Training feature classifier after q2-fragment insertion

Li-Fang_Yeo · October 16, 2020, 6:00am

Hi,

I have two set of data, one sequenced on Illumina V3-V4 and another on V4 (515F/806R) primers. I used q2-fragment-insertion to produce an insertion-tree.qza to combine both sets.

I want to train feature classifier with q2-feature-classifier. Is it correct if I trained the classifier on V3-V4 primers? I am assuming both the primers have an overlap at V4 region? Otherwise how should i train the feature classifier?

Another question is, I read in the forum (Reads processing with different primers - #3 by Lu_Yang) that q2-fragment-insertion isn't recommended for regions that have overlap. Could you please elaborate? Because i suppose my set of data has an overlapping V4 region, so i shouldn't use fragment insertion?

Thank you!

andrewsanchez · October 16, 2020, 9:43pm

Hi @Li-Fang_Yeo, and welcome to the forum!

I think this note from the Moving Pictures Tutorial says it all:

Taxonomic classifiers perform best when they are trained based on your specific sample preparation and sequencing parameters, including the primers that were used for amplification and the length of your sequence reads. Therefore in general you should follow the instructions in Training feature classifiers with q2-feature-classifier to train your own taxonomic classifiers. We provide some common classifiers on our data resources page, including Silva-based 16S classifiers, though in the future we may stop providing these in favor of having users train their own classifiers which will be most relevant to their sequence data.

I'm not too sure about the second question, but I think Bod's answer here might be relevant as well: Extracting V4 region from V3-V4 data - #2 by Mehrbod_Estaki.

Li-Fang_Yeo · October 17, 2020, 1:58pm

Hi Andrew,

Thanks for replying! I've got it! I can train feature classifier separately for V3-V4 and V4 set, assign taxonomy before merging taxonomy using qiime feature-table merge-tax!

For the second question, that's the thread that i was following. Nicholas mentioned this
"@Mehrbod_Estaki’s suggestion is excellent (thank you for the suggestion!) — comparing datasets amplified with different primers is indeed what q2-fragment-insertion was designed for (to my knowledge). I would think that plugin would be most advantageous, however, when comparing datasets with non-overlapping amplicons. So you have other options."

I was wondering if the plugin was thus "disadvantegous" when comparing datasets WITH overlapping amplicons, and if that's what he meant then why? I couldn't find anything on the original paper.

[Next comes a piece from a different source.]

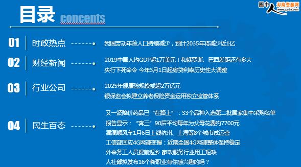 每日新闻速递2020年1月4日 星期六目录时政热点财经新闻行业公司民生百态我国劳动年龄人口持续减少,预计2035年将减少近1亿2019中国人均GDP超1万美元!和俄罗斯、巴西差距还有多大央行下死命令 今年3月1日起房贷利率历史性大调整2025年健康险规模或超2万亿元银保监会拟建立养老保险资金运用独立监管体系又一波降价药品已“在路上”:33个品种入选第二批国家集中采购名单报告显示:“奔三”90后平均每年为父母花费约7700元 滴滴顺风车1月6日上线杭州、上海等8个城市试运营工信部回应4G网速变慢:近期全国4G网速整体保持稳定外来务工人员提前返乡 家政服务行业用工短缺人社部拟发布16个新职业有你感兴趣的吗?时政热点我国劳动年龄人口持续减少,预计2035年将减少近1亿2020-01-03 00:05 来源:新京报人社部网站公布了该部党组在《求是》杂志上发表的署名文章《如何看待我国就业形势》。文章透露,我国16岁—59岁劳动年龄人口从2012年开始有所减少,这一趋势还将持续,到2020年后减幅将加快。预计到2035年劳动年龄人口将保持在8亿人左右,这比2018年末的近9亿劳动年龄人口减少将近1亿人。文章指出,从总量看,就业压力依然存在。但这种减少是供给高位上的放缓,而且由于受教育等因素影响,劳动年龄人口进入劳动力市场的时间相对滞后。2018年末我国劳动年龄人口仍接近9亿人,预计到2035年劳动年龄人口将保持在8亿人左右。近几年,每年需要在城镇就业的新成长劳动力约有1500多万人,加上近千万的城镇登记失业人员,需在城镇就业的劳动力年均约2500万人。不仅如此,推进城镇化进程中,农村劳动力转移就业仍有增量。财经新闻2019中国人均GDP超1万美元!和俄罗斯、巴西差距还有多大2020-1-3 10:32 来源:瞭望智库2019年2月国家统计局公布的数据显示,2018年中国人均GDP达9732美元,比2017年的8836美元增长了10.1%,已接近1万美元的门槛。预计2019年中国人均GDP应该会稳稳地超过1万美元。那么,人均GDP达到1万美元的国家,经济发展与国民生活是什么状态?人均GDP在1万美元左右的小国有毛里求斯、多米尼加、格林纳达、赤道几内亚等。这些国家人口少则十几万,多的也不过上千万,没有太大的借鉴意义。真正值得研究的是20国集团(G20)。G20是19个国家加欧盟,在世界经济中地位突出。

Nicholas_Bokulich · October 17, 2020, 2:02pm

No it's not disadvantageous exactly, the emphasis shouls instead be placed on the "you have other options" part, because V3-V4 overlaps the V4, so trimming to the V4 could be another way to merge these. Why trim instead of using fragment insertion? Fragment insertion is great for beta diversity analyses when you have different primers, but it does not help with unifying other analyses like alpha diversity... trimming would throw out data (disadvantageous) but would allow you to compare both primer sets on "equal grounds". Just an opinion, though; I have not compared V3-4 to V4 myself so I could be overlooking something.

Li-Fang_Yeo · October 17, 2020, 3:20pm

Dear Nicholas,

Haha! Got it! Sorry i had to nitpick at your words, I was looking for clues to make informed decisions. Thank you very much! You guys have been immensely helpful!